Instructions for the task: The lines from the one containing "MKS Mazbud Basket" through the last line below, both ends included, must be reproduced exactly, with no pictures.

Source material:
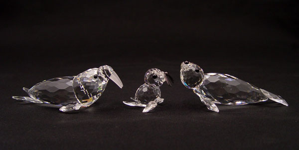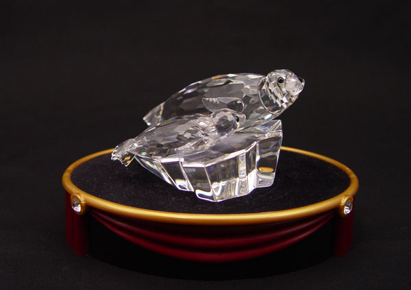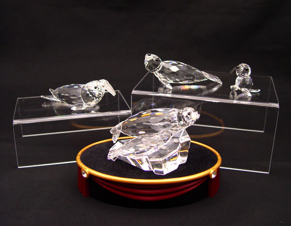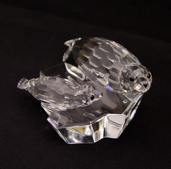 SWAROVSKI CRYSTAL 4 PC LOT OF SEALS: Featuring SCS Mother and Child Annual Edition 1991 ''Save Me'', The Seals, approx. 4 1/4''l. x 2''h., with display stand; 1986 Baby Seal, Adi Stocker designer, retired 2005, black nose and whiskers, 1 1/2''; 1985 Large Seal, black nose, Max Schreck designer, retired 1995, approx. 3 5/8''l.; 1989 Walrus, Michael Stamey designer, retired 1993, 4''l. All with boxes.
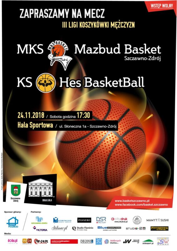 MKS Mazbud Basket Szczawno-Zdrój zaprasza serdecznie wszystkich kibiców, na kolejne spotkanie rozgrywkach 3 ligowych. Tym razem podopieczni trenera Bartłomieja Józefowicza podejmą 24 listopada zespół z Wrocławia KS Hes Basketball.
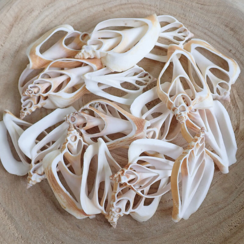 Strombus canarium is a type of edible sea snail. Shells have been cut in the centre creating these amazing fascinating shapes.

Solution:
 MKS Mazbud Basket Szczawno-Zdrój zaprasza serdecznie wszystkich kibiców, na kolejne spotkanie rozgrywkach 3 ligowych. Tym razem podopieczni trenera Bartłomieja Józefowicza podejmą 24 listopada zespół z Wrocławia KS Hes Basketball.
 Strombus canarium is a type of edible sea snail. Shells have been cut in the centre creating these amazing fascinating shapes.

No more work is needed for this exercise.